Brief -> Transcribe exactly, leaving out pictures, the lines from the one that holds "Boiled in barley" through the end of the data below, including both end lines and no others.

Collected material ->
★ ★ ★
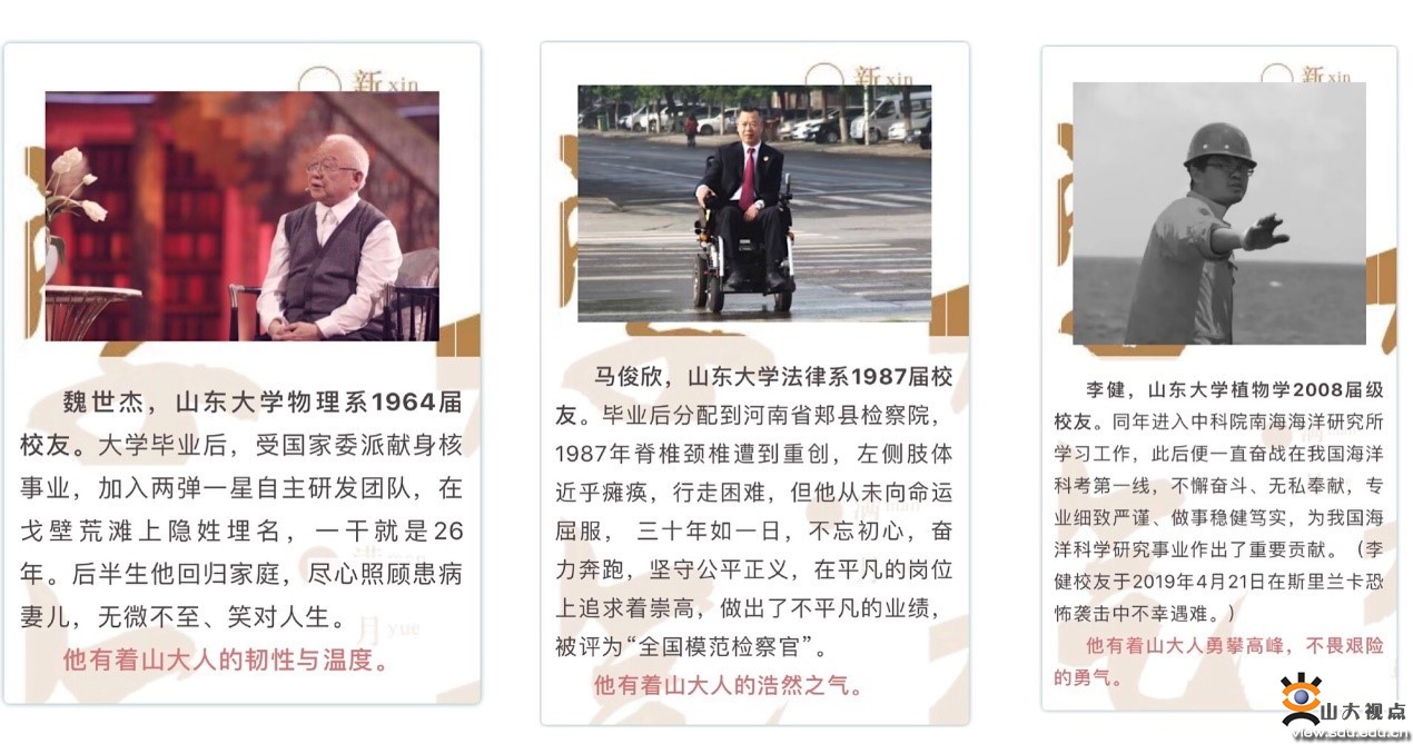 坚持山大梦想,传递山大力量。9月4日,山大人官方微信发布了 “坚守山大梦想,传递山大力量” 的主题文章,致敬每一位在自己的岗位上精勤进取、笃行不倦、将校风校训化为实际行动的山大人,他们是山大最鲜活的名片。
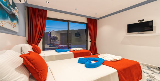 1. Yatak Odası : Çift kişilik yatak, klima, komodin, jakuzi, makyaj masası, banyo ve lavabo bulunmaktadır.
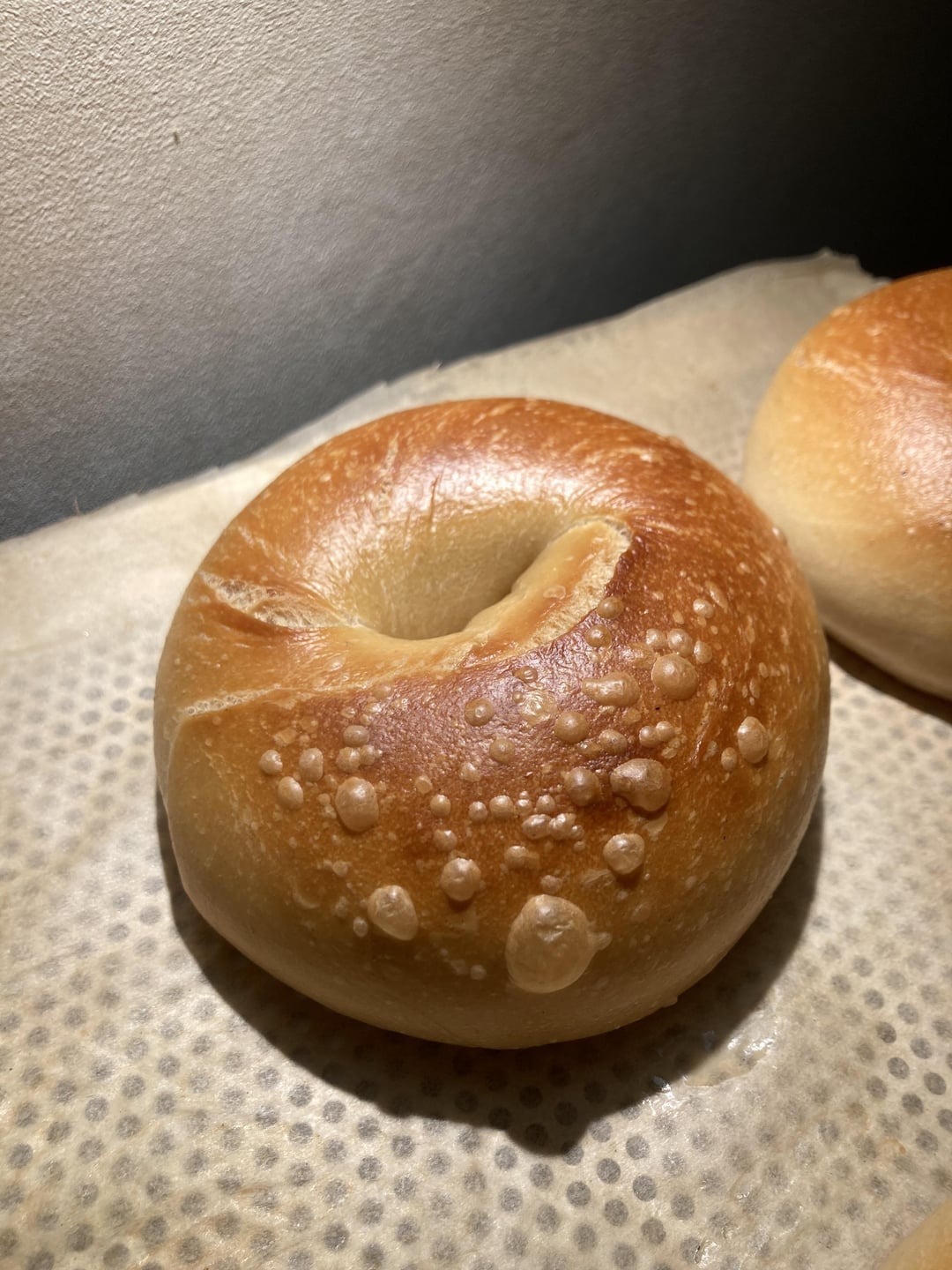 Boiled in barley malt syrup for 25 seconds on each side. Baked at 250ºC for 5 minutes, then 13 minutes at 220-230ºC.
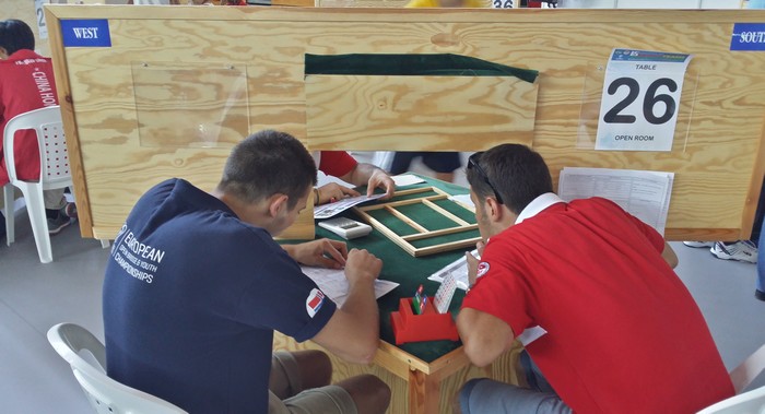 Helge og jeg møtte Anders Morath og Sven-Åke Bjerregård, to spillere som i mange år har spilt på den åpne svenske landslaget. Anders Morath har vunnet gull i EM tidligere, og to brosjemedaljer fra VM. To rutinerte spillere mao som sjelden gjør mange feil.
★ ★ ★
Exercise output ->
 Boiled in barley malt syrup for 25 seconds on each side. Baked at 250ºC for 5 minutes, then 13 minutes at 220-230ºC.
 Helge og jeg møtte Anders Morath og Sven-Åke Bjerregård, to spillere som i mange år har spilt på den åpne svenske landslaget. Anders Morath har vunnet gull i EM tidligere, og to brosjemedaljer fra VM. To rutinerte spillere mao som sjelden gjør mange feil.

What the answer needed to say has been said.